= WORK ORDER =
Write the listing out again word for word, excluding any pictures.

= DATA PROVIDED =
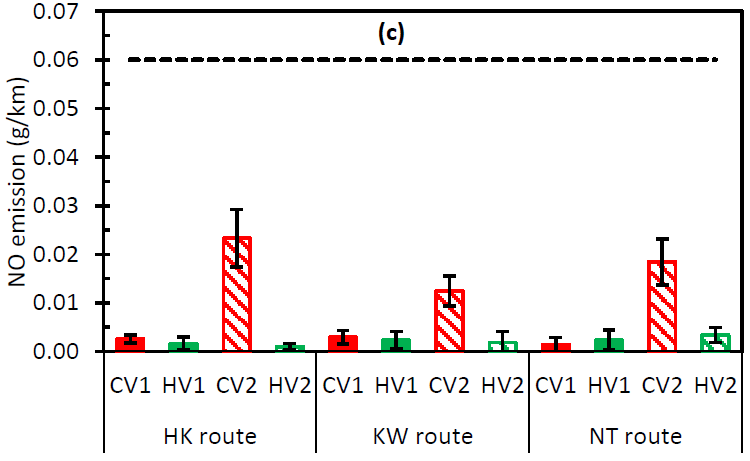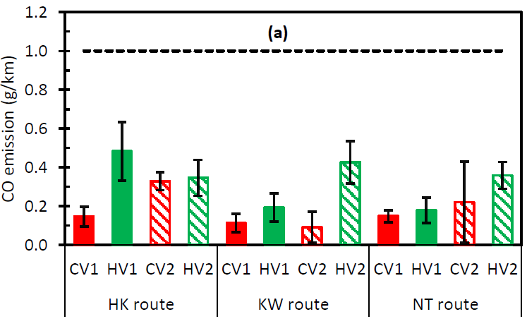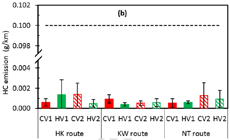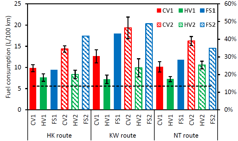 Uno studio approfondito, sempre condotto dal University of Technology Sydney, mostrano per alcune coppie di veicoli gemelli, di cui uno alimentato dal solo motore endotermico, l’altro della tipologia full hybrid, conferma la riduzione dell’inquinamento durante la marcia, anche su lunghi percorsi e su strade reali di varia natura. Le immagini precedenti mostrano i risultati relativi alla riduzione (FS) percentuale dei consumi tra 2 coppie di veicoli, tradizionali (CV) e ibridi (HV), su tre tipologie di lunghi percorsi, identificati come “HK route”, “KW route” e “NT route”. La riduzione delle emissioni inquinanti risulta dagli altri grafici proposti.
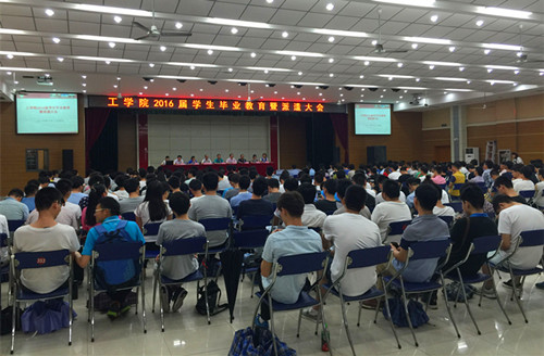 6月24日下午,工学院2016届学生毕业教育暨派遣大会在欣苑食堂四楼报告厅召开。学院党政领导姚兴贵、陈黎卿、孙福及毕业班辅导员出席会议,学院2016届全体毕业生参加会议。会议由学院党委副书记孙福主持。
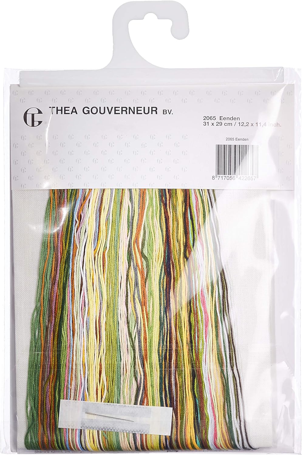 Наборы Thea Gouverneur укомплектованы качественными материалами, такими как мулине DMC из 100% хлопка и разные виды тканей для вышивания производства Zweigart. Наборы обозначенные буквой А после номера содержат в составе канву Aida, если в артикуле есть обозначение .05 – то этот набор укомплектован канвой Aida чёрного цвета. Также в ассортименте есть наборы на 100% льне и канве Jobelan. Черно-белые схемы тщательно прорабатываются вручную. Используется богатая цветовая палитра ниток, но в ассортименте компании есть и монохромные дизайны. Нитки разобраны по символам и закреплены на органайзере. Стрелка на бумажном органайзере указывает вверх, определяя правильность чтения символов.
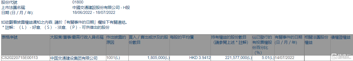 格隆匯7月18日丨根據聯交所最新權益披露資料顯示,2022年7月14日,中國交通建設(01800.HK)獲中國交通建設集團有限公司在場內以每股均價3.9412港元增持180.5萬股,涉資約711.39萬港元。
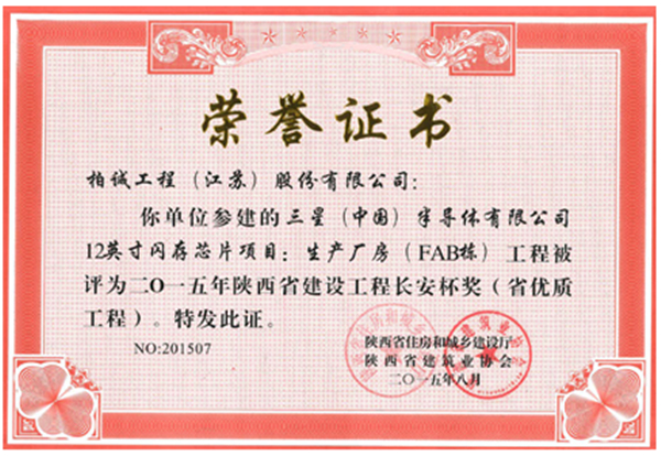 我公司參建的三星(中國)半導(dǎo)體有限公司12英寸閃存芯片項目:生產(chǎn)廠房(FAB棟)工程被評為二零一五年陜西省建設(shè)工程長安杯(省優(yōu)質(zhì)工程)
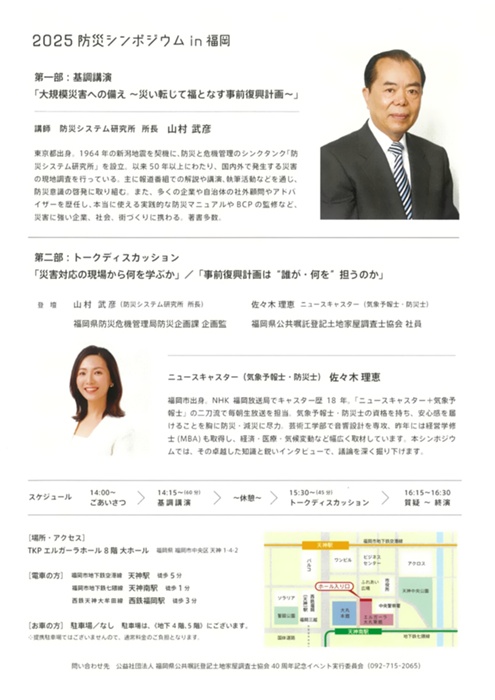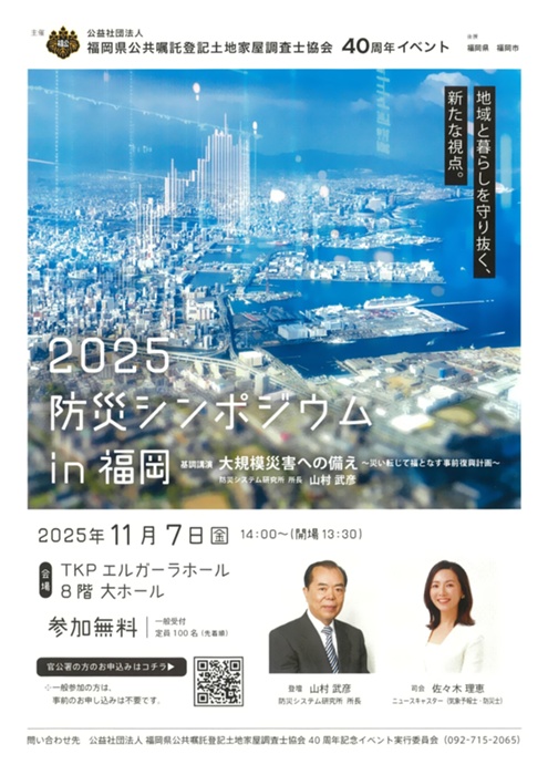 令和7年11月7日(金)・14:00より、防災シンポジウムin福岡のイベントを行ないます。
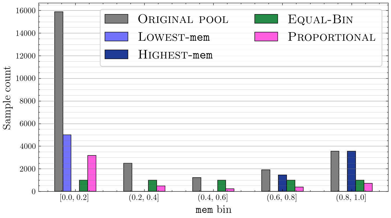 Changing the validation composition using memorization-based heuristics shifts downstream CLD performance. Proportional sampling to the pool is most reliable; highest-memorization-only tends to hurt, while a light mix can help long-tail behavior. The message: validation representativeness directly impacts CLD.
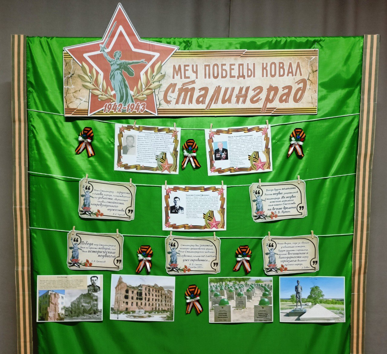 Посетители выставки могут познакомиться с информацией о жителях села Новоподзорново, которые были непосредственными участниками Сталинградской битвы.
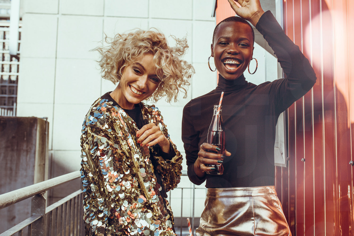 Beautiful female friends enjoying together on weekend. Mixed race female friends having a great time together.
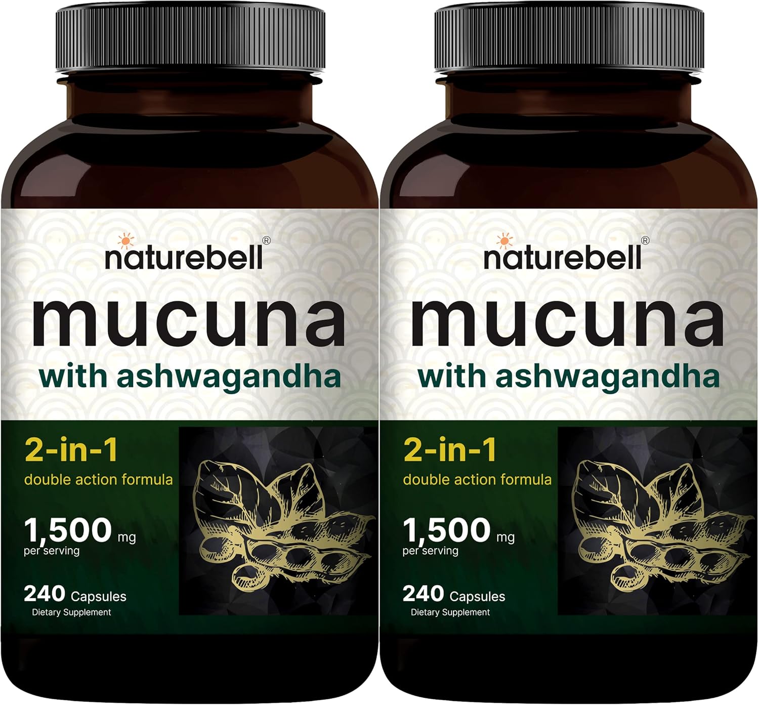 Naturebell 2 Pack Mucuna Pruriens Capsules, 1500Mg Per Serving, Made With Mucuna And Ashwagandha, 480 Capsules, 2 In 1 Formula, Contains Mucuna Pruriens Seeds For Mood Mind And Brain Health
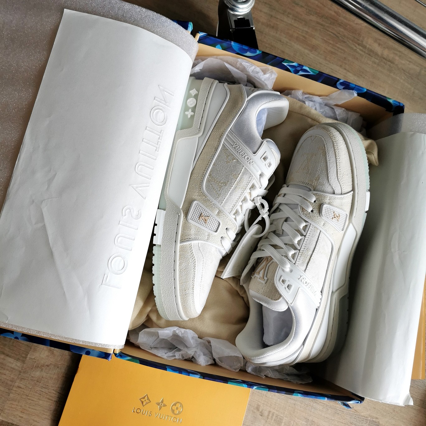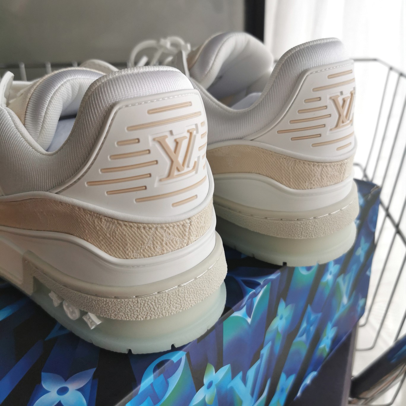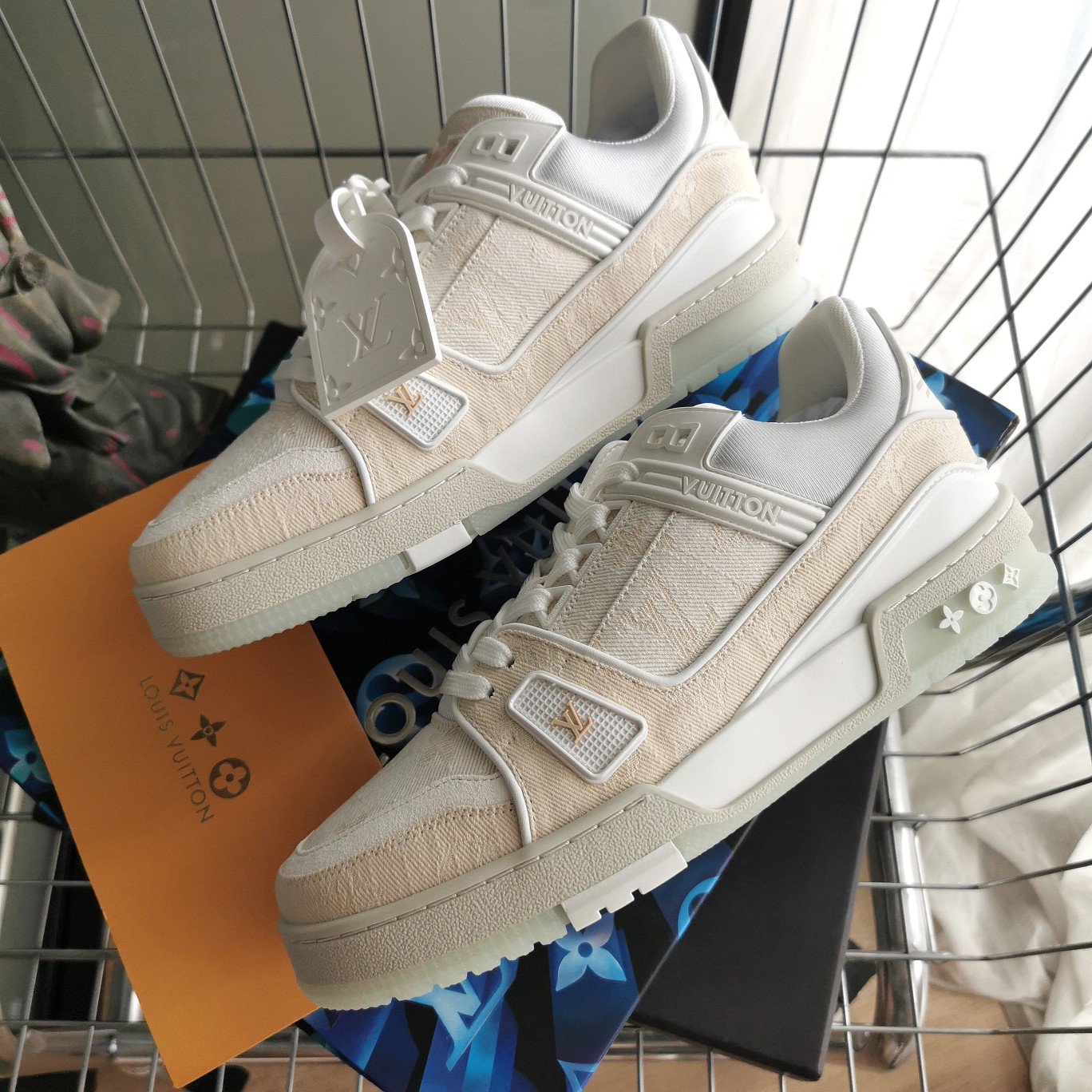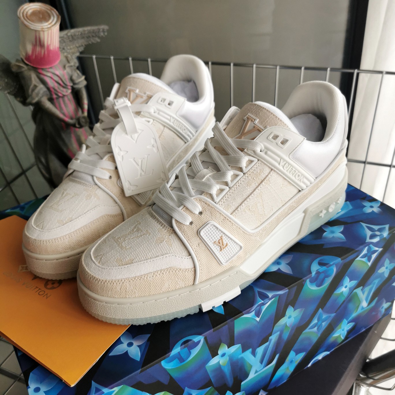 这款鞋子是AAAAA 1:1 质量 (非常棒). 使用了和原版一模一样的材料. 商标部分也保持了和路易威登/Louis Vuitton一样. 图片拍摄是实物鞋子拍摄, 您所收到的实物保证和我们图片一模一样.
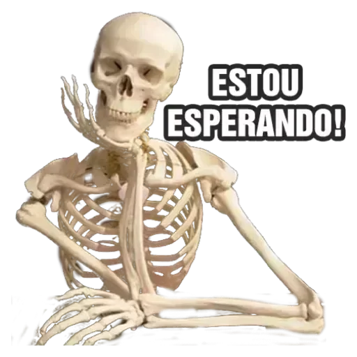 Esqueleto sentado com um braço levantado e texto "ESTOU ESPERANDO!"
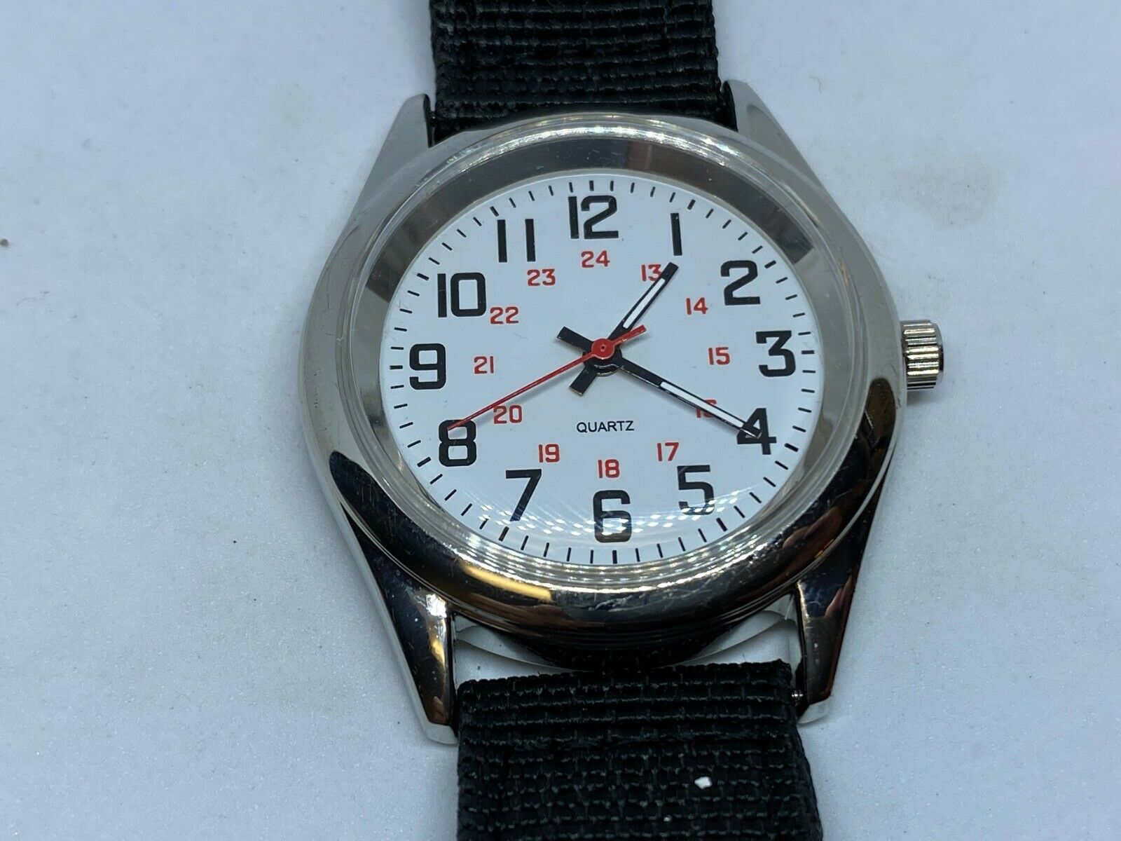 • Load image into Gallery viewer, VTG Accutime Men Silver White Military Dial Analog Quartz Watch Hour~New Battery
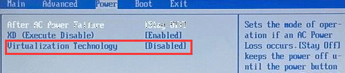 2)通过← →方向键选择【Power】选项,然后通过↑ ↓方向键选择【Virtual Technology】并按下回车。
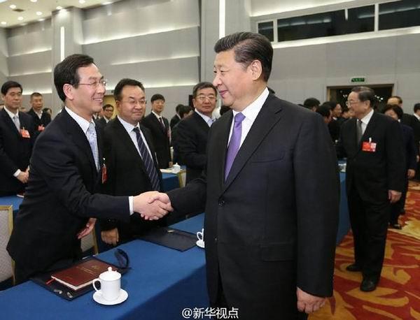 △习近平看望出席全国政协十二届四次会议民建、工商联界委员并参加联组讨论
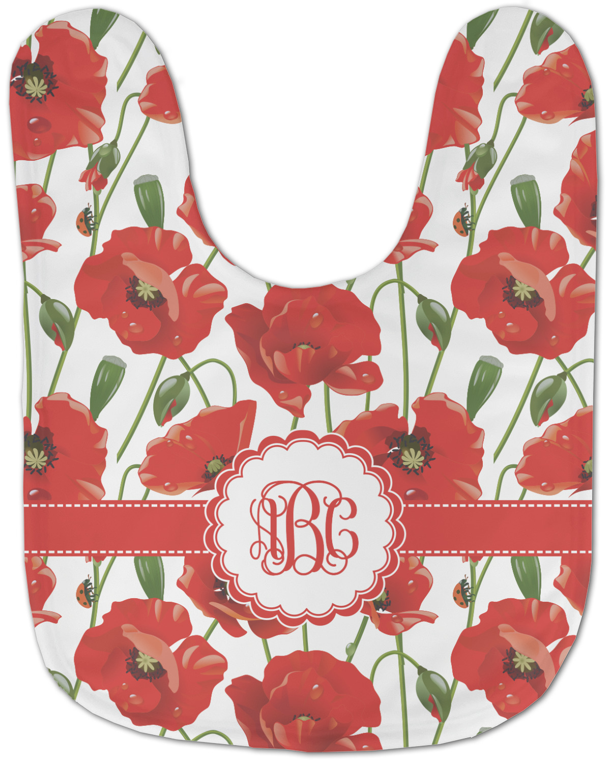 A scalloped label rests in the center of the poppy field, the perfect place for the personalization of your choice.
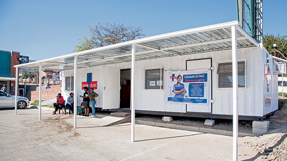 Unjani Clinics uses specially outfitted shipping containers to provide health care. (Photo courtesy of Unjani Clinic)
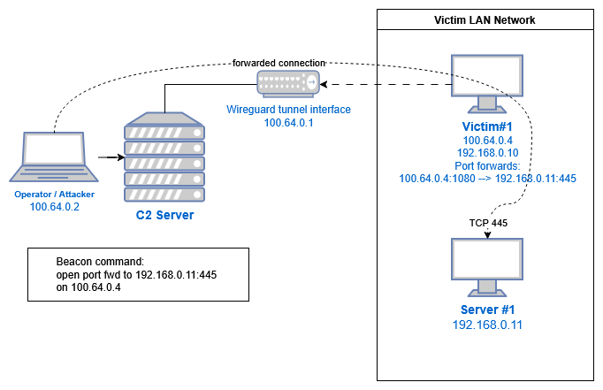 Operators that use Wireguard protocol transport and port forwarding to access implants.
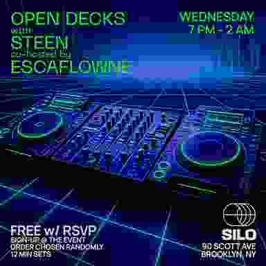 Hosted by DJ and musician Steen, Open Decks is a creative and fun space where DJs can hang and share their house and techno music live. Hear your favorite or original tracks on Silo's front room sound system, a custom 15,000 watt Danley powerhouse. If you want to play, talk to Steen to sign up. Sign-up is in person at the event only, slots are 12 minutes. The first 3 DJ's play first-come-first-spin. Then we'll select names randomly from the sign-up list throughout the night. You'll get a half hour notice before your set time. This is to ensure that DJ's who can't make the initial sign up right at 8pm still get a chance to play. Free with advance RSVP. Question? Hit up your host on IG @steenschmidt This week's co-host is Escaflowne. In SILO's front room. Limited capacity.
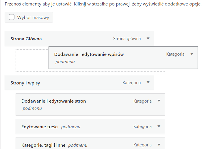 Następnie możesz zarządzać kolejnością w menu. Wystarczy przytrzymać lewym przyciskiem myszy daną pozycję i przesunąć ją w wybrane miejsce.
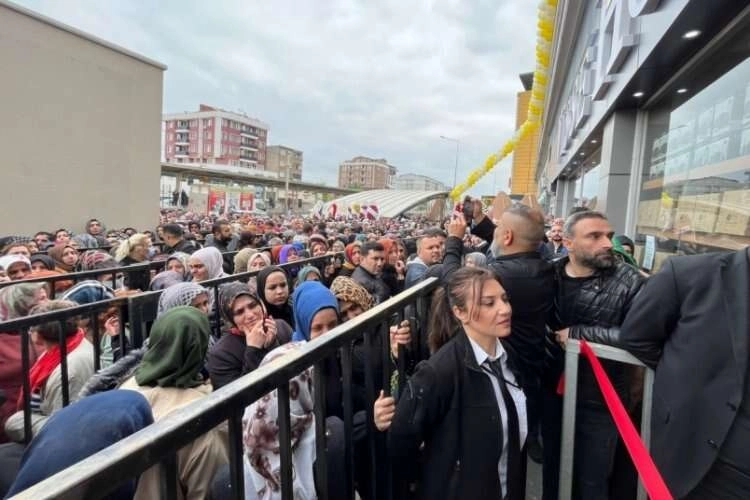 Yıldırım ilçesi Esenevler Mahallesi'nde yeni ev eşyaları ve aletleri satan mağaza, açılışa özel kampanya düzenledi. İndirimi duyanlar, sabahın erken saatlerinde mağazanın önünde toplandı.
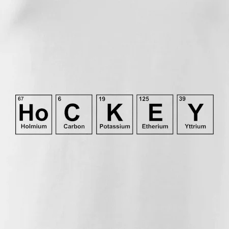 Triko pro hokejistu, který má rád chemii. Z prvků periodické tabulky lze poskládat mnoho. Proč si tedy nevybrat ten správný prvek a na triko si nenatisknout třeba nápis HoCKEY. Trička a mikiny pro všechny hokejisty a milovníky ledu. Hokejové triko s periodickou tabulkou jako vtipný dárek pro hokejistu.

= TASK ANSWER =
 Uno studio approfondito, sempre condotto dal University of Technology Sydney, mostrano per alcune coppie di veicoli gemelli, di cui uno alimentato dal solo motore endotermico, l’altro della tipologia full hybrid, conferma la riduzione dell’inquinamento durante la marcia, anche su lunghi percorsi e su strade reali di varia natura. Le immagini precedenti mostrano i risultati relativi alla riduzione (FS) percentuale dei consumi tra 2 coppie di veicoli, tradizionali (CV) e ibridi (HV), su tre tipologie di lunghi percorsi, identificati come “HK route”, “KW route” e “NT route”. La riduzione delle emissioni inquinanti risulta dagli altri grafici proposti.
 6月24日下午,工学院2016届学生毕业教育暨派遣大会在欣苑食堂四楼报告厅召开。学院党政领导姚兴贵、陈黎卿、孙福及毕业班辅导员出席会议,学院2016届全体毕业生参加会议。会议由学院党委副书记孙福主持。
 Наборы Thea Gouverneur укомплектованы качественными материалами, такими как мулине DMC из 100% хлопка и разные виды тканей для вышивания производства Zweigart. Наборы обозначенные буквой А после номера содержат в составе канву Aida, если в артикуле есть обозначение .05 – то этот набор укомплектован канвой Aida чёрного цвета. Также в ассортименте есть наборы на 100% льне и канве Jobelan. Черно-белые схемы тщательно прорабатываются вручную. Используется богатая цветовая палитра ниток, но в ассортименте компании есть и монохромные дизайны. Нитки разобраны по символам и закреплены на органайзере. Стрелка на бумажном органайзере указывает вверх, определяя правильность чтения символов.
 格隆匯7月18日丨根據聯交所最新權益披露資料顯示,2022年7月14日,中國交通建設(01800.HK)獲中國交通建設集團有限公司在場內以每股均價3.9412港元增持180.5萬股,涉資約711.39萬港元。
 我公司參建的三星(中國)半導(dǎo)體有限公司12英寸閃存芯片項目:生產(chǎn)廠房(FAB棟)工程被評為二零一五年陜西省建設(shè)工程長安杯(省優(yōu)質(zhì)工程)
 令和7年11月7日(金)・14:00より、防災シンポジウムin福岡のイベントを行ないます。
 Changing the validation composition using memorization-based heuristics shifts downstream CLD performance. Proportional sampling to the pool is most reliable; highest-memorization-only tends to hurt, while a light mix can help long-tail behavior. The message: validation representativeness directly impacts CLD.
 Посетители выставки могут познакомиться с информацией о жителях села Новоподзорново, которые были непосредственными участниками Сталинградской битвы.
 Beautiful female friends enjoying together on weekend. Mixed race female friends having a great time together.
 Naturebell 2 Pack Mucuna Pruriens Capsules, 1500Mg Per Serving, Made With Mucuna And Ashwagandha, 480 Capsules, 2 In 1 Formula, Contains Mucuna Pruriens Seeds For Mood Mind And Brain Health
 这款鞋子是AAAAA 1:1 质量 (非常棒). 使用了和原版一模一样的材料. 商标部分也保持了和路易威登/Louis Vuitton一样. 图片拍摄是实物鞋子拍摄, 您所收到的实物保证和我们图片一模一样.
 Esqueleto sentado com um braço levantado e texto "ESTOU ESPERANDO!"
 • Load image into Gallery viewer, VTG Accutime Men Silver White Military Dial Analog Quartz Watch Hour~New Battery
 2)通过← →方向键选择【Power】选项,然后通过↑ ↓方向键选择【Virtual Technology】并按下回车。
 △习近平看望出席全国政协十二届四次会议民建、工商联界委员并参加联组讨论
 A scalloped label rests in the center of the poppy field, the perfect place for the personalization of your choice.
 Unjani Clinics uses specially outfitted shipping containers to provide health care. (Photo courtesy of Unjani Clinic)
 Operators that use Wireguard protocol transport and port forwarding to access implants.
 Hosted by DJ and musician Steen, Open Decks is a creative and fun space where DJs can hang and share their house and techno music live. Hear your favorite or original tracks on Silo's front room sound system, a custom 15,000 watt Danley powerhouse. If you want to play, talk to Steen to sign up. Sign-up is in person at the event only, slots are 12 minutes. The first 3 DJ's play first-come-first-spin. Then we'll select names randomly from the sign-up list throughout the night. You'll get a half hour notice before your set time. This is to ensure that DJ's who can't make the initial sign up right at 8pm still get a chance to play. Free with advance RSVP. Question? Hit up your host on IG @steenschmidt This week's co-host is Escaflowne. In SILO's front room. Limited capacity.
 Następnie możesz zarządzać kolejnością w menu. Wystarczy przytrzymać lewym przyciskiem myszy daną pozycję i przesunąć ją w wybrane miejsce.
 Yıldırım ilçesi Esenevler Mahallesi'nde yeni ev eşyaları ve aletleri satan mağaza, açılışa özel kampanya düzenledi. İndirimi duyanlar, sabahın erken saatlerinde mağazanın önünde toplandı.
 Triko pro hokejistu, který má rád chemii. Z prvků periodické tabulky lze poskládat mnoho. Proč si tedy nevybrat ten správný prvek a na triko si nenatisknout třeba nápis HoCKEY. Trička a mikiny pro všechny hokejisty a milovníky ledu. Hokejové triko s periodickou tabulkou jako vtipný dárek pro hokejistu.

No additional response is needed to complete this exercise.